Let me introduce you to my new favorite food…cauliflower rice. I really don’t know what it is about this stuff that makes it so addicting. I mean, basically the only ingredient is cauliflower. And yet…it seems like so much more.
Cauliflower rice is SO easy and inexpensive to make. It works as a great replacement for dishes traditionally eaten with a white rice base (like curry or stir-fry). Actually, it’s kinda great eaten all on its own… As you might expect, cauliflower rice isn’t exactly like white rice – the taste and texture are slightly different. But it looks pretty much like rice and, quite frankly, I like it better!
PLUS you can eat practically this entire recipe for the same amount of calories in one cup of white rice, and it’s way more nutritious. WIN. I am a dietitian, after all, so check this out…
1 cup white rice: (approx.) 205 calories, 4 g protein, 0.5 g fiber, 45 g carbohydrate, 55 mg potassium
1 large head of cauliflower: (approx.) 210 calories, 16 g protein, 17 g fiber, 42 g carbohydrate, 2500 mg potassium
I think I’ve made my point there.
Cauliflower rice is super versatile, so you can really add any seasonings to it that you like, or that matches the type of dish you’re pairing it with. I chose ginger for this recipe because I just really love ginger.
I may or may not have eaten an entire recipe of this stuff yesterday.
If you’re curious as to how cauliflower rice might look in meal form, this photo (from yesterday’s meal 2 of 3 with cauliflower power…) might help:
I know there might be a lot of skeptics out there about the wonders of cauliflower rice (mom), but don’t judge it until you try it! I was actually a little unsure when I initially heard about this cauliflower creation, but I instantly became a believer the first time I made it. Now YOU can be a believer too!

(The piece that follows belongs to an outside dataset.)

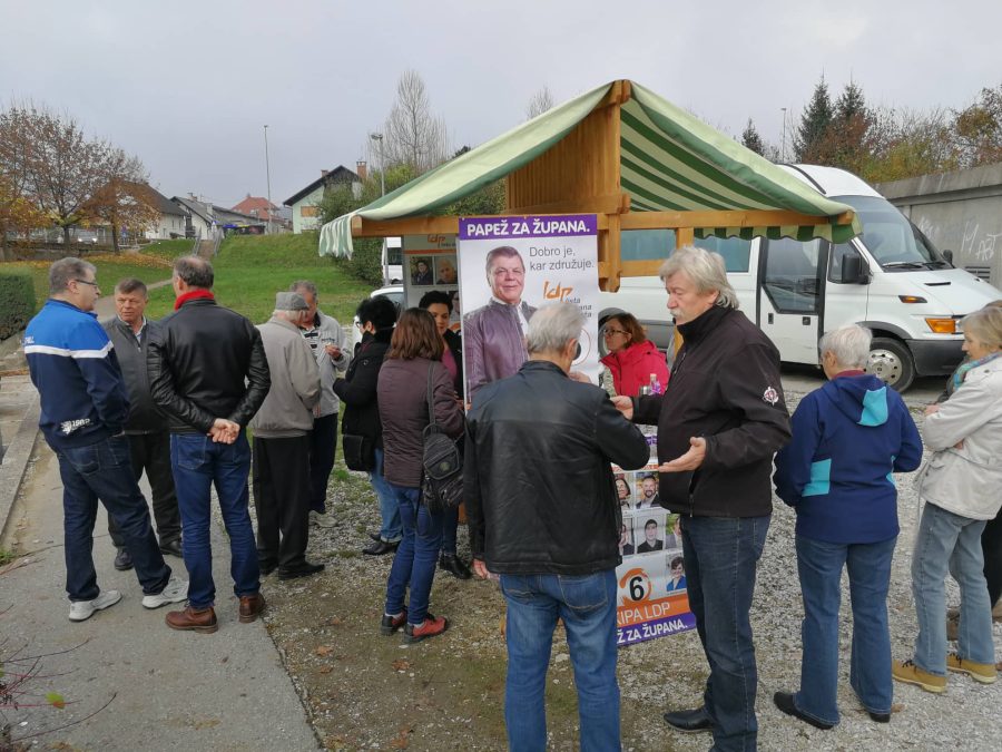 Ekipa LDP je nato na stojnicah kmetov nakupila nekaj izdelkov (kruh, salame in sir), ki smo jih ponudili našim volivcem na stojnici na parkirišču poleg Mercatorja. Kot že prejšnjič je bilo tudi tokrat živahno, veliko obiska in pogovora o težavah, ki tarejo ljudi. Nekatere težave so rešljive na nivoju občine, za druge pa bo morala poskrbeti država. Obnova OŠ Frana Albrehta je tema pogovorov ves čas, prav tako tudi obnova športne dvorane in ureditev športnih površin okoli mestnih šol. Danes pa smo se pogovarjali tudi o težavah pri skrbi za obnemogle sorodnike. Gre za zelo aktualno temo in občina bo morala na tem področju svojo podporo povečati. Svetniška skupina Liste Dušana Papeža je v preteklem mandatu Občinskega sveta že opozarjala na težavo, da ima Zavod Pristan za potrebe občanov in občank premajhne kapacitete, te so odvisne od plačila občine. Predvsem pa njihovo delo poteka samo med tednom, razen izjemoma ob vikendih in praznikih, in samo do 15. ure. Ostareli, bolniki in njihovi svojci pa potrebujejo pomoč tudi med vikendi, za praznike in v popoldanskih urah. V tem delu občina lahko sama ureja t.i. dolgotrajno oskrbo in poskrbi za višji standard svojih občanov.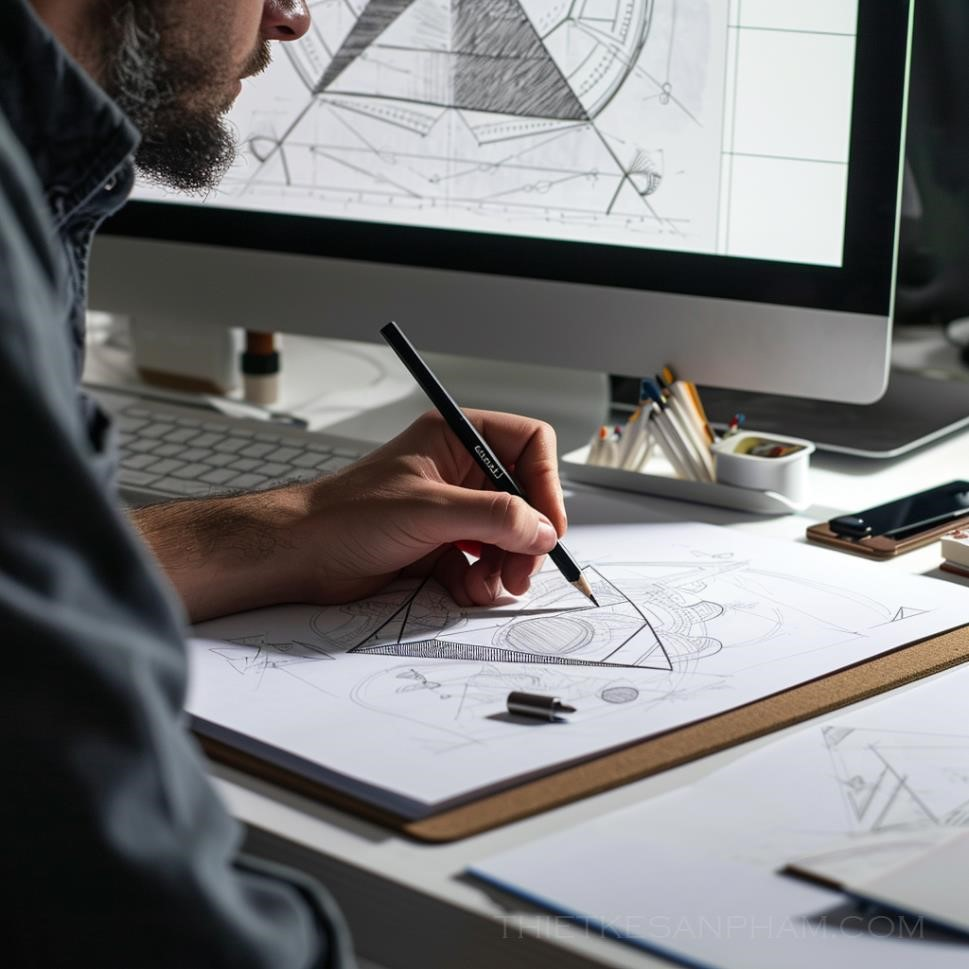 PROMPT: A man's hand draws a pyramid design on paper in pencil, a computer and notebook and drawings on his desk, realistic , 4K cinematic --v 6.0

- 1 large head cauliflower, raw
- 3/4 - 1 teaspoon ground ginger
- salt to taste
- Cut the head of cauliflower into florets and add to food processor (you may need to do this in 2 batches depending on the size of your machine). Pulse until rice-sized pieces are achieved. Don't over-process or else you'll be left with cauliflower paste.
- Lightly coat a large sauté pan with non-stick cooking spray. Add cauliflower rice. Cover and cook on medium-high heat for about 7-10 minutes, stirring frequently to prevent burning on the bottom, until soft but not mushy.
- Stir in ginger and salt, and then enjoy!
- Leftovers can be stored (covered, or sealed in a plastic bag) in fridge for a couple days. Can be reheated in microwave, or simply enjoyed cold.
- Don't be afraid to play around with the seasonings. Try adding curry powder, garlic, or seasoning salt to match whatever dish you're pairing the rice with.